The health sector is increasingly committed to responding and alleviating violence against women as a public health problem which has serious health consequences for women and their children.
Thirty years since the benchmark Beijing platform for women’s action Supplied with a roadmap towards equality and empowerment of women, more than 160 countries have at least a national survey on the prevalence of violence against women. This makes it possible to monitor progress on the Sustainable Development Goal (SDG) 5.2, to eliminate all forms of violence.
In 2016, the World Health Assembly approved the WHO Global Action Plan To strengthen the health system, in a multisectoral response, by approaching interpersonal violence against women, girls and children. The plan emphasizes a public health approach, the integration of prevention and response of violence into essential health services and the strengthening of links with multisectoral efforts on gender equality, human rights and sustainable development.
This plan aimed to help the Member States operationalize the resolution WHA67.15 (2014)Strengthen the role of the health system in the fight against violence, in particular against women and girls, and against children, in four areas:
- strengthen leadership and governance of the health sector through laws, policies and protocols;
- Strengthen the service and complete capacities of health sector services;
- promote prevention based on evidence; And
- Improved surveillance, surveillance and evidence to end violence against women.
A newly released Database of violence against women in health The progress made by countries towards commitments made in this world plan. Data from 200 countries of 48 indicators show an increasing integration of prevention and response to violence against women and girls in national health strategies and policies. More and more countries form health workers in clinical care centered on survivors for the violence of intimate partners and / or sexual violence and the adoption of standardized protocols, while the access and quality of quality care for survivors are improving.
For example, responding to Ukrainian refugees who are subject to sexual violence during the conflict, advice and training documents have been translated into polishing. The capacity building of health professionals has been institutionalized to serve refugee and local populations through the National House of Nurses and midwives and the training of WHO integrated into the programs of four universities.

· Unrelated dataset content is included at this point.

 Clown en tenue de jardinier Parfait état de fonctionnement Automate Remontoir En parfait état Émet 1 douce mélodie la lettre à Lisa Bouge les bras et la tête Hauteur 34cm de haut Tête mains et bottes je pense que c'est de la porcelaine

In 2024, nearly 500 health workers were trained and a working group led by a Polish feminist NGO – Femnoteka monitored the progress of the coverage and quality of the clinical management of violence services between rapes and intimate partners.
To date in 2025, WHO and the Special UN Program in Human Reproduction (HRP) have finalized and published several key resources that improve the ability of health systems to respond to violence in the event of emergency and non-urgency.

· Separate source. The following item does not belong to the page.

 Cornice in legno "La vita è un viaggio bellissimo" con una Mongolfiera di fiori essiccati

Take care of women subject to violence: training facilitated online for health workers Offers a virtual and interactive program that allows health providers to provide front -line empathetic support to women who experience violence, using the life approach approved by WHO. Adapted from training in person, it is designed for use in the event of an emergency or parameters with low resources where training in person is not possible, to ensure continuity of care and a response centered on survivors.

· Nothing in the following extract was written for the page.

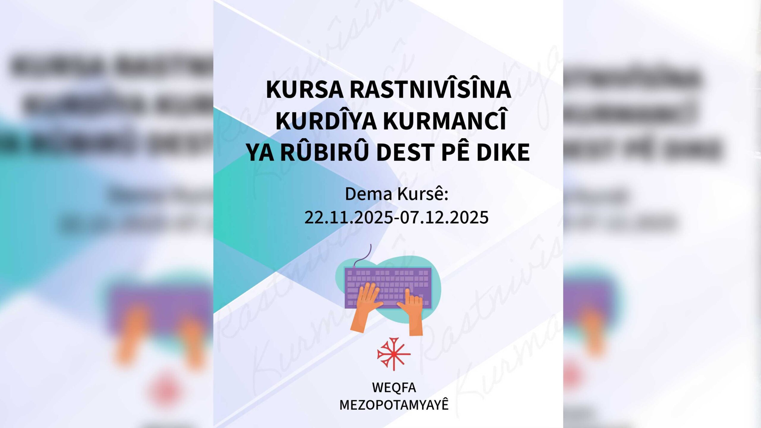 Weqfa Mezopotamyayê li Amedê li ser rastnivîsîna zaravayê kurmancî yê Kurdî kurseke bisertîfîka û rûbirû li dar dixe. Serlêdanên ji bo kursê dest pê kirine dê di 18ê Mijdarê de bi dawî bibin. Kurs dê bi 30 kesî sînorkirî be. Kursa ku dê di 22yê Mijdarê dest pê bike, dê di 7ê Kanûnê de bi dawî bibe. Weqfê lînka ji bo serlêdanê parve kir û wiha got: “Ji bo serlêdanê divê forma serlêdanê, bêyî kêmasî bê dagirtin. Ji bo ku hûn bikarin dagirin divê pêşî hûn qeyda endamtîya xwe li ser otomasyonê çê bikin. Ji bo qeyda endamtîyê lînkê bitikînin ‘http://online.wmezopotamyaye.org/'”

These training tools are essential to build a sustainable and integrated response of national health systems which addresses violence against women as a public health problem
Avni Amin / Unit Framework of Rights and Equality throughout the course of life at WHO and HRP
In the meantime, the Clinical management of rape and violence of intimate emergency partners: a training toolbox Offers tools to strengthen the capacities of health workers to provide clinical care to survivors. The toolbox takes up the unique challenges of humanitarian contexts by offering flexible and modular training aligned with WHO directives and the minimum initial service package for sexual and reproductive health.
“These training tools are essential to build a sustainable and integrated response of national health systems which addresses violence against women as a public health problem,” explains Avni Amin, responsible for rights and equality throughout the life course at WHO and HRP. “They help translate global commitments into actual action by making front -line health services more focused on survivors and of better quality, whatever the context.”
Research that fueling impact in the country
As the global plan points out, research is essential to clarify the programming focused on evidence. The preliminary results of a recently finished study have shown promising results of a women’s strengthening agency in the pregnancy program, an empowerment council intervention with pregnant women and girls participating in prenatal care in a hospital in the Nyarugusu refugee camp in Kigoma, Tanzania. The intervention has shown great acceptability with 82% of women registered for the study that returns more than the minimum number of sessions. He also showed an improvement in maternal mental health following the intervention, the participants having undergone a reduced probability of 44% in moderate to severe depression compared to the control group, 6 months after receiving the intervention.
By forming more than 10,000 health workers in 29 fragile and humanitarian contexts, training packages Operationalize WHO and HRP’s commitment to strengthen capacity in accordance with SDG 5.2 as well as the WHO’s commitment to ensure universal health coverage. They guarantee that the care for survivors are integrated into the responses of routine and emergency health and illustrate how WHO and HRP reflect global policy commitments in practice at the country level, guided by solid research.